Your Buyers Are Emotional B****s

Here's how to ethically manipulate them!

1,102 Words | 4 Min 35 Sec Read

Welcome to another issue of Passionate Income.

Today we’ll be discussing why your buyers are emotional babies.

In particular, we'll cover why sales pitches based in logic tend to fail, and what you should focus on instead to create a campaign that succeed.

Let’s dive in.

I recently filmed this exclusive free training on the Smartest path to $10k a month in 2025 (using Instagram).

I released this training because we kept getting replies from our readers about an actual business model that will work long-term and isn't overhyped.

Nothing held back, this is the framework I and 100+ of my clients used.

Not sure why your “thing” isn’t selling?

Check this out:

Struggling to sell your product or service is one of the most frustrating aspects of being in business, especially when you know you have something good that your customers would benefit from.

Unfortunately, it can be extremely difficult to pinpoint the precise reason someone doesn’t buy something.
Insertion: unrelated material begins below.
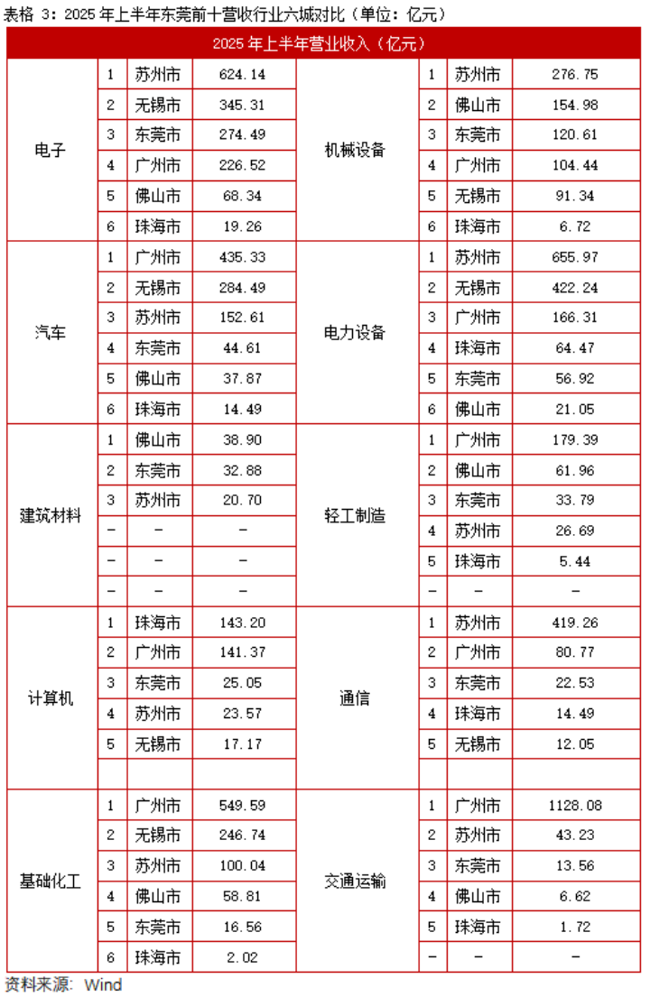 其他行业中,东莞同样展现了一定竞争优势:建筑材料和轻工制造行业均跻身前列,其中建筑材料行业在六城中位列第二,轻工制造则排名第三,凸显了传统加工业的韧性和适应性。计算机行业的排名第三,强调了东莞在高新技术领域的稳步升级;通信行业的第三位排名,印证了其在数字基建中的贡献;交通运输行业的第三位置,则映射出物流网络的支撑作用。
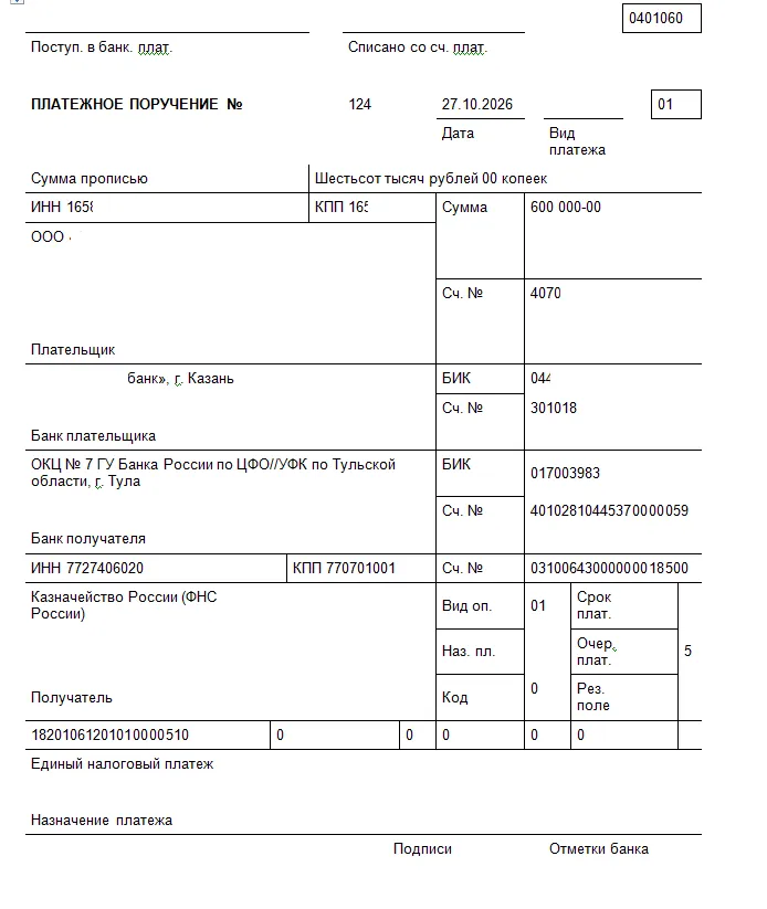- Получатель: Казначейство России (ФНС России).

Doubts over its effectiveness, personal issues that have absolutely nothing to do with your product or service—there are hundreds, if not thousands, of reasons someone might not buy from you.

But in many cases, their number one reason for not buying from you boils down to one thing: they don’t feel emotionally compelled to buy.

Before we get into the marketing psychology behind this, let me explain using an analogy.

First, imagine you go on a date with someone who meets all your surface-level criteria. You like their physical appearance, you share many of the same interests, and you even have the same life goals, morals, and values.

Except for one small thing: you can’t stand the idea of spending another minute with this person, let alone the rest of your life. Why?

Whether you refer to it as a connection, chemistry, or vibes, all of these terms refer to the same thing: emotional buy-in.

The criteria you have for a casual hookup or romantic partner come from your logical brain. In particular, it’s your brain drawing logical conclusions based on the types of men or women you have been attracted to in the past.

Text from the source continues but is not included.